Posted: Jun 13th, '16, 10:20
by e-licktronic
AonFluX wrote:If I where in your shoes, I would put the Nava-kit on the shelve, and do a couple of guitar pedalkits first to get going and get som experience.And later you will have some nice pedals for your finished Nava :)
Good idea ;)

Best regards,
e-licktronic

Re: Trials of an electronics novice

Posted: Jun 13th, '16, 18:58
by FactoryDefault
I agree with the "practice on something smaller" idea but in answer to your questions:

*potentiometers - look underneath them. B103 = Linear 10k (10 x 10^3). Google the other codes to find values or measure resistance across pin 1 and 3 to find total.

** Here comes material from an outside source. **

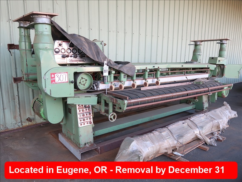 8' TWIN CROSS BELT SANDER W/2,550MM SANDING WIDTH, 18-1/2KW MOTORS & PNEUMATIC PRESSURE BEAM, FED BY PARALLEL CARPET STRIP BELTS W/VARIABLE SPEED, MOTORIZED HEIGHT ADJUSTMENT OF THE TABLE (NOT INSTALLED)
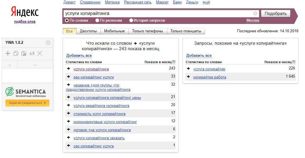 Почему мы не берем более общие запросы, например, «копирайтинг» или «копирайтер»? Дело в том, что по таким запросам могут искать не только услуги копирайтера, а много другой информации. Например, что такое копирайтинг, как на нем заработать, обучение копирайтингу и многое другое. Поэтому старайтесь максимально конкретизировать запрос.

I sorted and separated mine into ziplock bags before I started to make them easier to find once the soldering started.

*film caps - voltage for a capacitor is more of a safety/longevity thing. As long as the voltage rating is higher by a margin of safety than the voltage that exists in the circuit, you're good. This project is 15V max so 50V, 63V or 100V are fine. It's the type and capacitance that matter.

Hope this helps. Remember, everyone was a novice once!